» TASK PROMPT
Print out the data precisely as it appears here, with no pictures.

[Stored items]
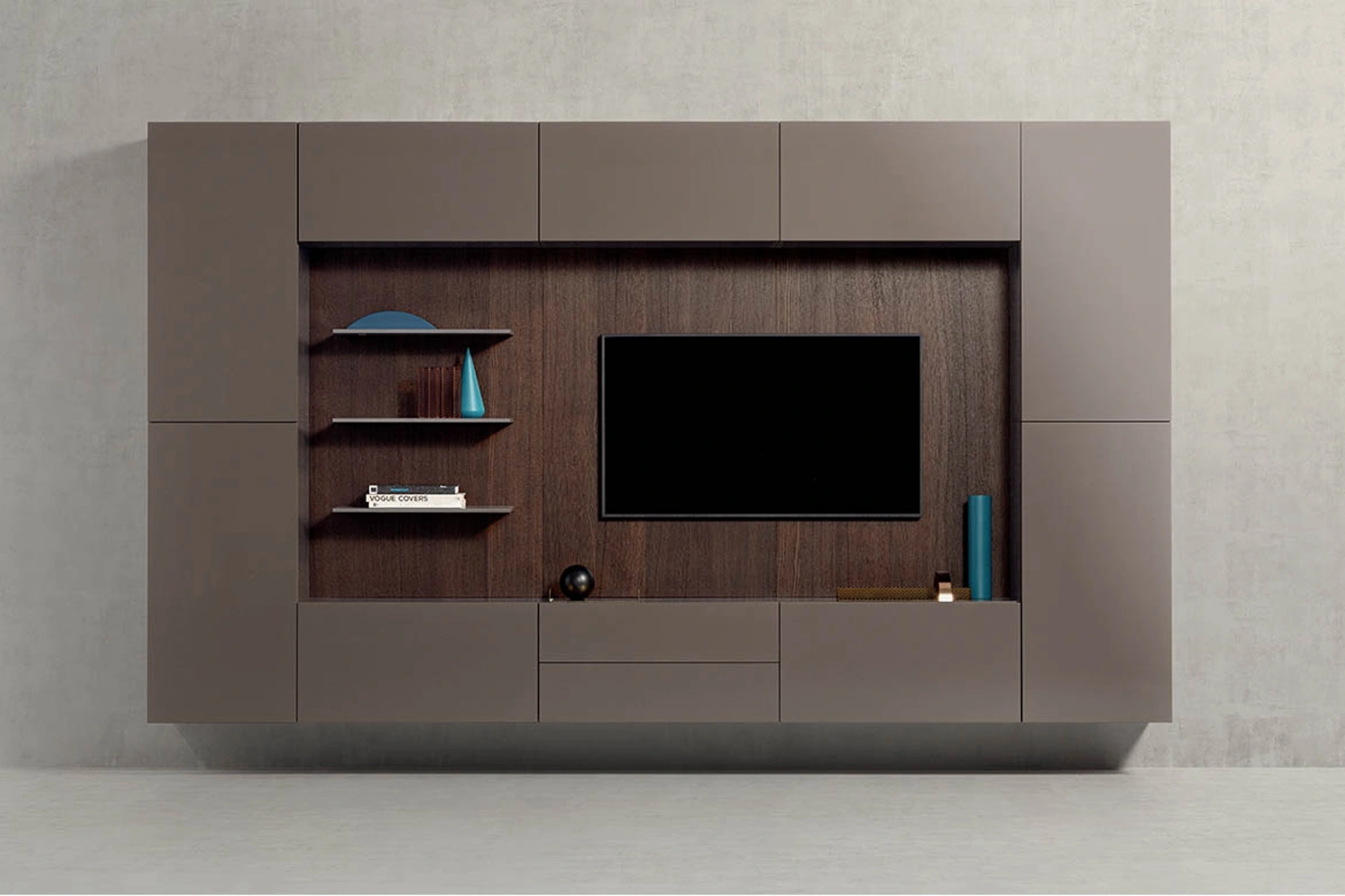 I mobili soggiorno in laccato opaco dalle linee moderne come il modello in foto sono davvero poliedrici e capaci di ammobiliare il living ottimizzando ogni angolo. Visto che il living deve essere uno spazio funzionale e di grande valore estetico, sono indispensabili alcuni mobili belli e pratici come le Pareti Attrezzate. Pianca mette a disposizione originali modelli di mobili soggiorno, diversi per stile e conformazioni, texture e elementi: scopri in negozio l'Arredamento Casa Brescia dei migliori brand. La Parete Attrezzata sospesa Spazio in Laccato Fango di Pianca in foto è una tra le più esclusive soluzioni d’arredo in commercio: massima componibilità e le diverse opportunità di progettazione la rendono bella e di grande qualità.
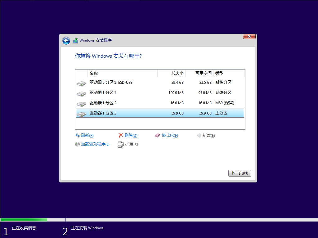 成功加载后将自动返回安装页面,此时即可看到硬盘对应分区
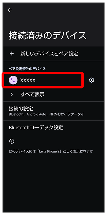 接続済みのデバイス画面で、ペア設定している機器のペア設定を解除する
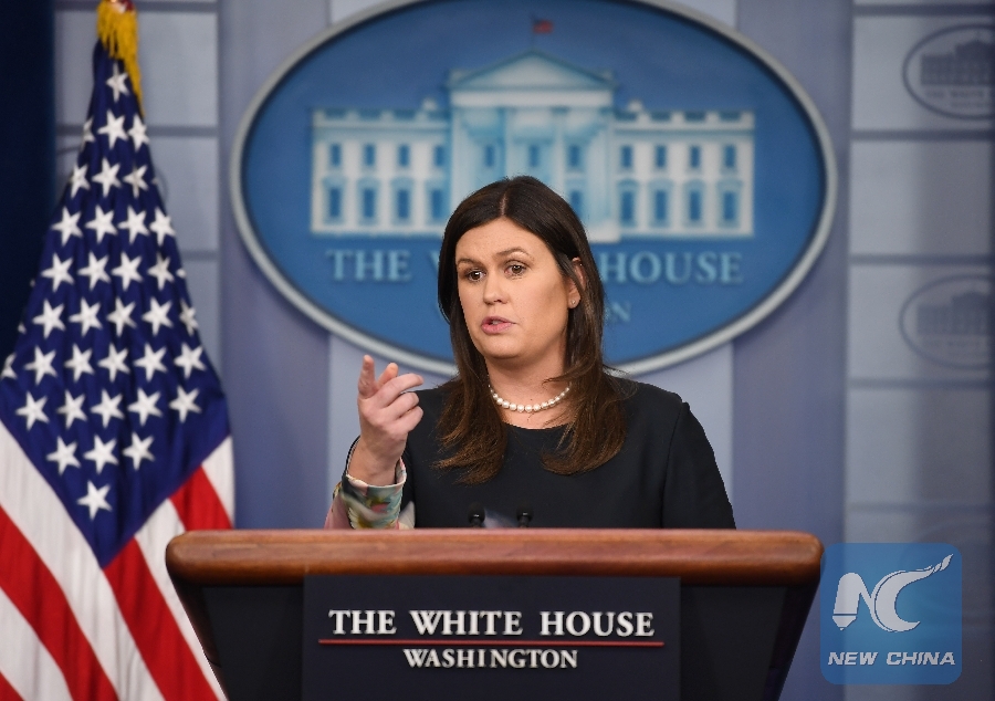 File Photo: White House press secretary Sarah Sanders speaks at a press briefing at the White House in Washington D.C., the United States, Aug. 1, 2018. (Xinhua/Liu Jie)
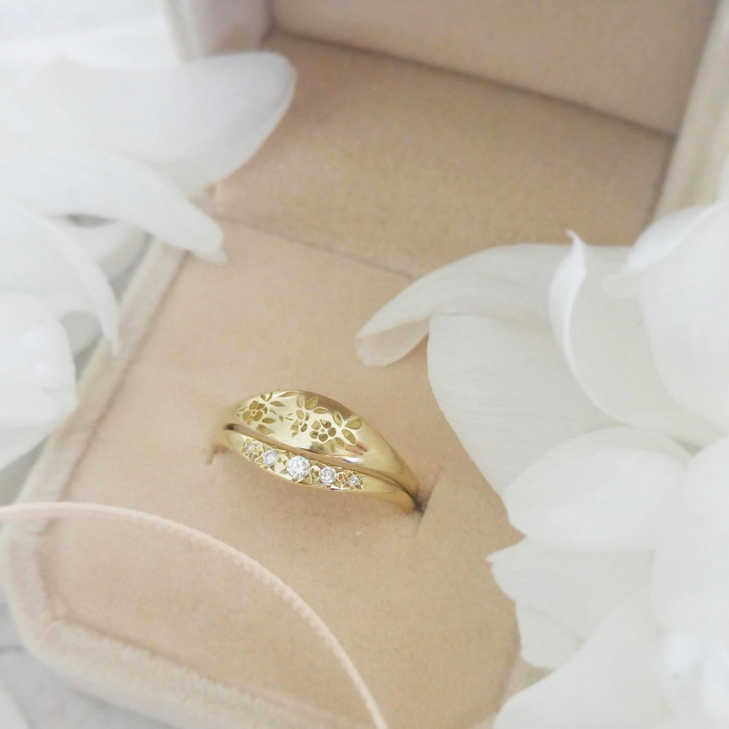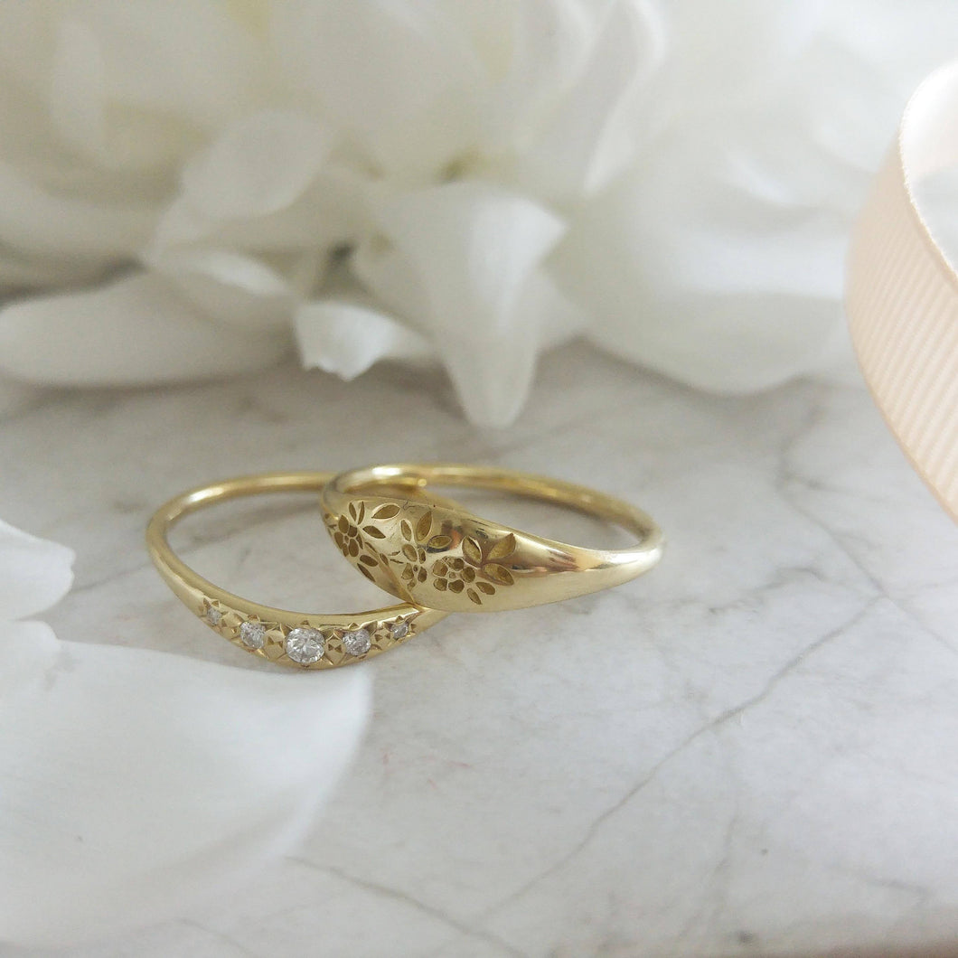 Floral engagement and wedding rings, 14k gold alternative bride ring set

» WRITTEN RESPONSE
 I mobili soggiorno in laccato opaco dalle linee moderne come il modello in foto sono davvero poliedrici e capaci di ammobiliare il living ottimizzando ogni angolo. Visto che il living deve essere uno spazio funzionale e di grande valore estetico, sono indispensabili alcuni mobili belli e pratici come le Pareti Attrezzate. Pianca mette a disposizione originali modelli di mobili soggiorno, diversi per stile e conformazioni, texture e elementi: scopri in negozio l'Arredamento Casa Brescia dei migliori brand. La Parete Attrezzata sospesa Spazio in Laccato Fango di Pianca in foto è una tra le più esclusive soluzioni d’arredo in commercio: massima componibilità e le diverse opportunità di progettazione la rendono bella e di grande qualità.
 成功加载后将自动返回安装页面,此时即可看到硬盘对应分区
 接続済みのデバイス画面で、ペア設定している機器のペア設定を解除する
 File Photo: White House press secretary Sarah Sanders speaks at a press briefing at the White House in Washington D.C., the United States, Aug. 1, 2018. (Xinhua/Liu Jie)
 Floral engagement and wedding rings, 14k gold alternative bride ring set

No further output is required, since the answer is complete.